What to do:
Go through the entries below. Copy each line in which "voor" appears.
*** Data for analysis ***
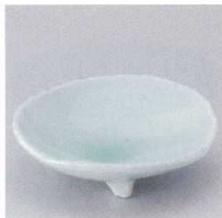
77-202-30 680円 ヒワ青磁ちぎり丸小付 (10×3) 508060530
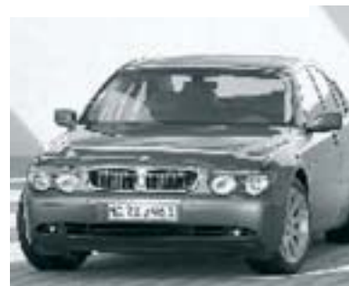
Bischöfe und Kardinäle fahren für gewöhnlich nicht die kleinsten Wägen- auf Kosten der Steuerzahler!

bürger beschimpft, die den Kirchen den Rücken gekehrt haben:
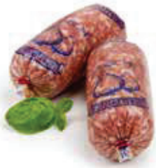
605 1, 2, 3, 8 Zwiebelmettwurst 5 Stück à 150 g, Aromapack 0,75 kg
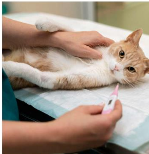
Piden hacer revisiones médicas constantes. ESPECIAL

Por último, la médica veterinaria exhortó a la ciudadanía a completar el esquema de vacunación desde cachorro, continuar con las vacunas anuales, dar una alimentación adecuada, evitar lo más que se puedan las marcas comerciales, mantenerlos hidratados y que tomen bastante agua, así como acudir con su veterinario si notan algo raro en sus gatitos, y evitar que salgan a la calle. ■
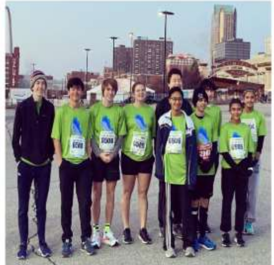
2022 10K Group
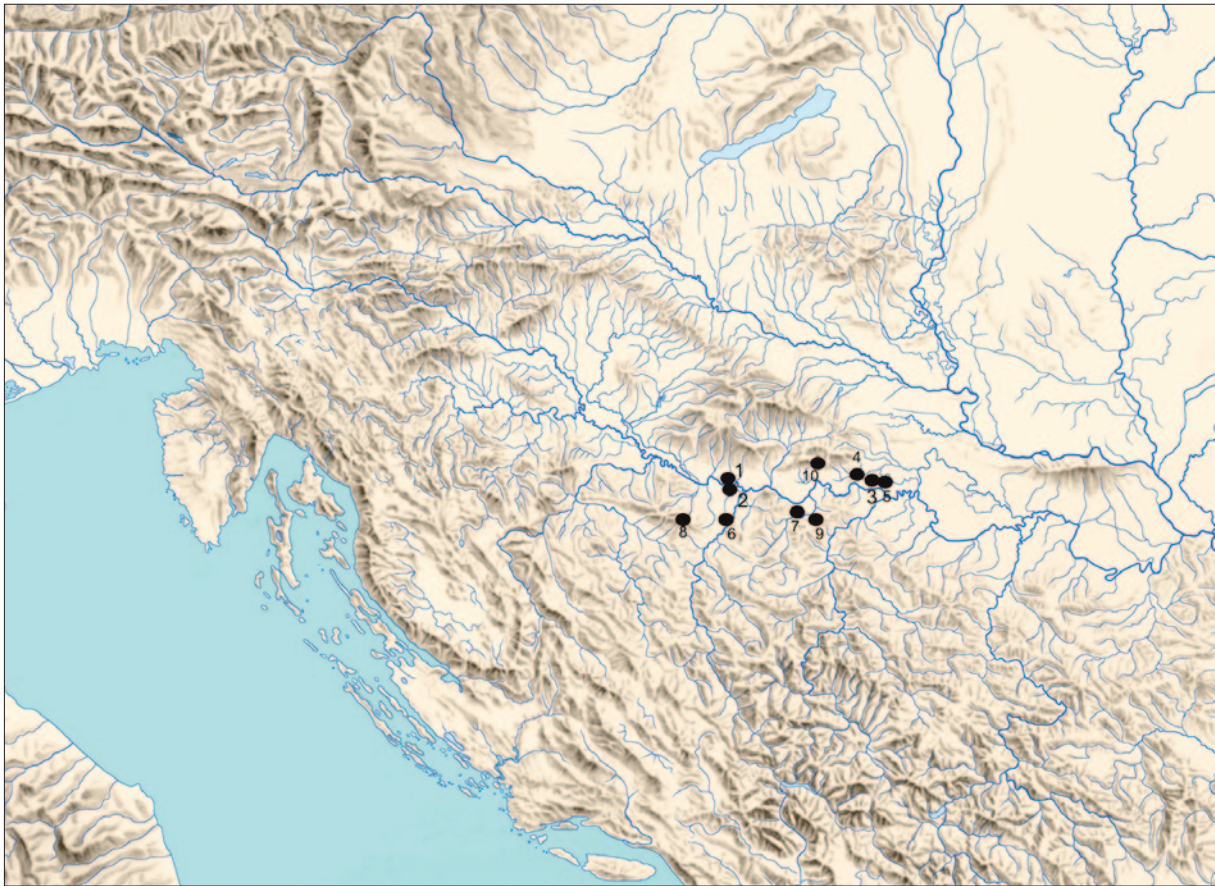
Sl. 6 Položaj Doline u slici naseljenosti srednje Posavine u mlađoj fazi kasnog bronzanog doba: 1 Dolina; 2 Donja Dolina; 3 Novigrad na Savi; 4 Stružani; 5 Jaruge; 6 Brdašca; 7 Vis; 8 Zemunica; 9 Vrela; 10 Završje (izradila: D. Ložnjak Dizdar)
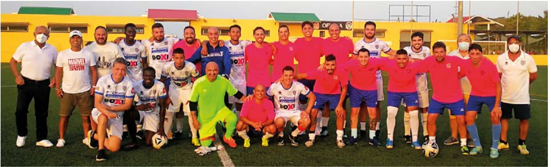
El pasado 22 de agosto el Baleares Sin Fronteras Fútbol Club rindió un homenaje a sus viejas glorias de la generación fundadora del 2009/2010.

Partidos amistosos, torrada y confraternidad entre viejos compañeros marcaron un inolvidable reencuentro
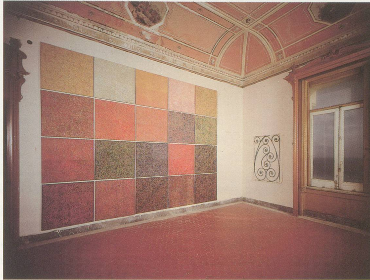
PHILIP TAAFFE, IL TERRAZZO, 1988, mixed media, 128 1/2 x 160 1/2" / 326 x 408 cm.

Schutzheiligen der Stadt zu werden. Taaffes Hommage erinnert sowohl an die virilen Elemente der Sage als auch an jene der Seefahrt, jedoch ohne Pathos. Oder er versetzt uns in das rote Innere des Vesuvs; was zunächst danach aussieht, als sei Expressionistisches «eingeschmolzen» worden, stellt sich als eine glänzende, straff angeordnete Fläche heftig wogender Figuren heraus, die kaum noch erkennbar
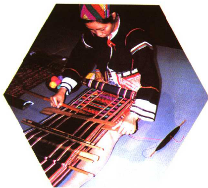
织锦(黎族)
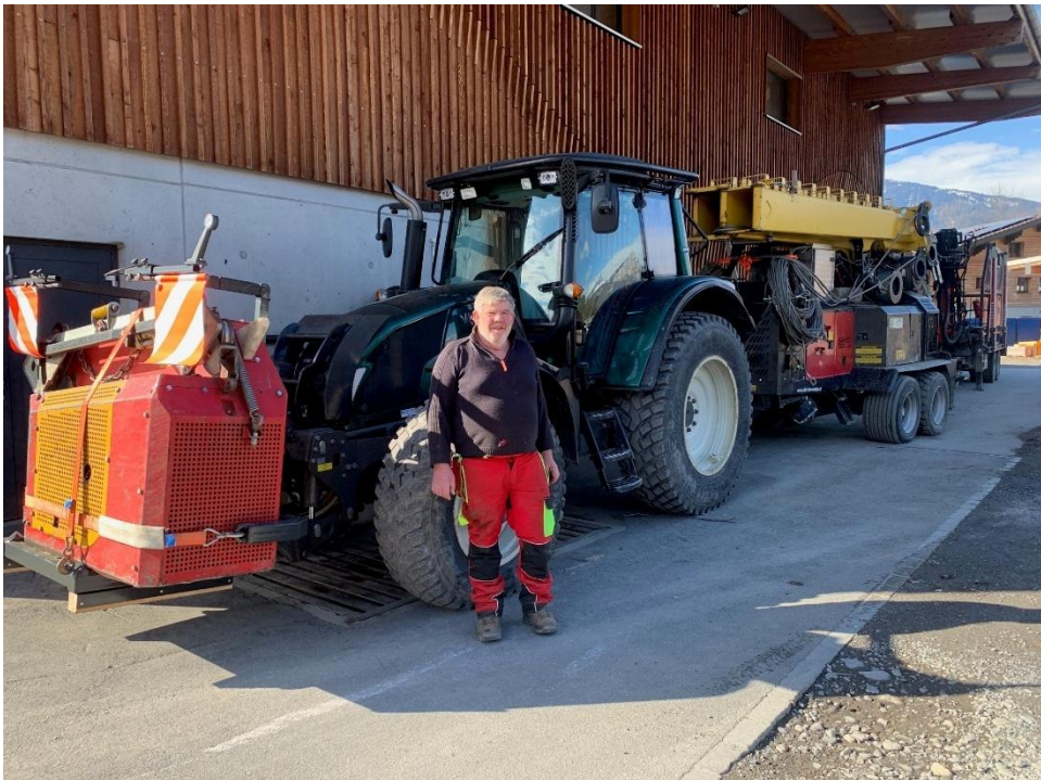
(Abb.) Transport Mobilseilkran
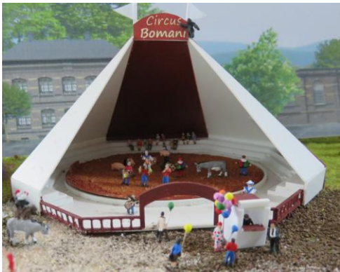
Art.Nr / article No.:Z125B
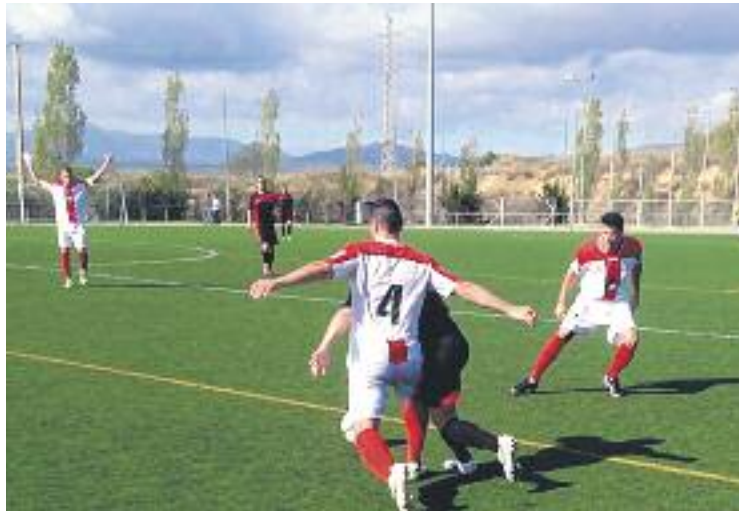
Molletans i granollerins van empatar a un gol.

Aquest resultat ha servit per estrènyer encara més les primeres posicions al grup 1 de Primera Catalana, ja que el Manresa ha empatat a punts amb els vallesans al capdavant de la classificació. A més, el pròxim partit dels homes de Raul Matito serà una visita del Júpiter, tercer classificat amb dos punts menys que els granollerins. Per la seva banda, el Mo-
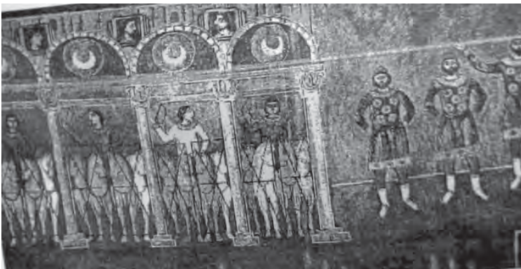
Рис. 6. Зображення іподрому періоду Київської Русі [1, с. 155]

Не менш важливими засобами фізичної підготовки молоді та воїнів залишалися природні фізичні вправи (ходьба, біг, стрибки, лазіння, перелітання, повзання, пірнання, плавання). Вони застосовувались для розвитку фізичних якостей людини і змалку, і в зрілому віці й використовувались у фізичному вихованні та військовою вишкোলі русичів [7]. Так, серед різновидів природних локомоцій для фізичної підготовки використовувався біг на 20–25 верст (21–27 км). Крім того, поширеними були швидкісне лазіння по деревах, перенесення на собі одного чи двох товаришів( з метою розвитку фізичних якостей: сили, витривалості, спритності) [8]. Використовувались також стрибки у довжину та висоту, з жердиною. С. Килимник також описує гру «Скакання через рів» (на відстань 1,5–2 метри) рис. 7 та стрибки догори через тичку. Він зазначає, що такі стрибки організовували у формі змагань з 2–4 і більше учасниками [8].
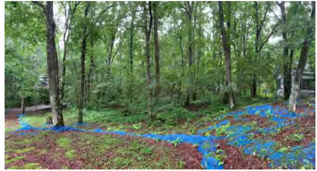
写真手前の青いシートは隣地、建物の敷地として利用されている
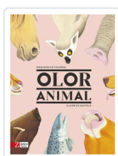
OLOR ANIMAL FIGUERAS, EMMANUELLE / DE GASTOLD, CLAIR
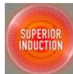
Optimale inductiebodem voor snelle verhitting

Geschikt voor alle warmtebronnen (gas, elektrisch, keramisch) en inductie.
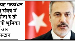
यदि यह गठबंधन किसी नए संघर्ष में शामिल होता है तो तुर्की अपनी भूमिका पर पुनर्विचार करेगा: फिदान

लंदन। तुर्की ने संकेत दिया है कि ईरान और अमेरिका के बीच समझौता होने की स्थिति में वह होर्मुज जलडमरूमध्य में बारूदी सुरंग हटाने के अभियानों में भाग ले सकता है। तुर्की के विदेश मंत्री हकन फिदान ने यहां कहा कि किसी भी संभावित अभियान का नेतृत्व बहुराष्ट्रीय तकनीकी गठबंधन द्वारा किया जाएगा और ऐसे ढांचे के तहत तुर्की को भागीदारी में कोई आपत्ति नहीं होगी। उन्होंने यह भी कहा कि यदि यह गठबंधन किसी नए संघर्ष में शामिल होता है तो तुर्की अपनी भूमिका पर पुनर्विचार करेगा। साथ ही उन्होंने उम्मीद जताई कि ईरान के परमाणु कार्यक्रम से जुड़े मुद्दों का समाधान
*** End of Data for analysis ***
Output below:
Optimale inductiebodem voor snelle verhitting
Geschikt voor alle warmtebronnen (gas, elektrisch, keramisch) en inductie.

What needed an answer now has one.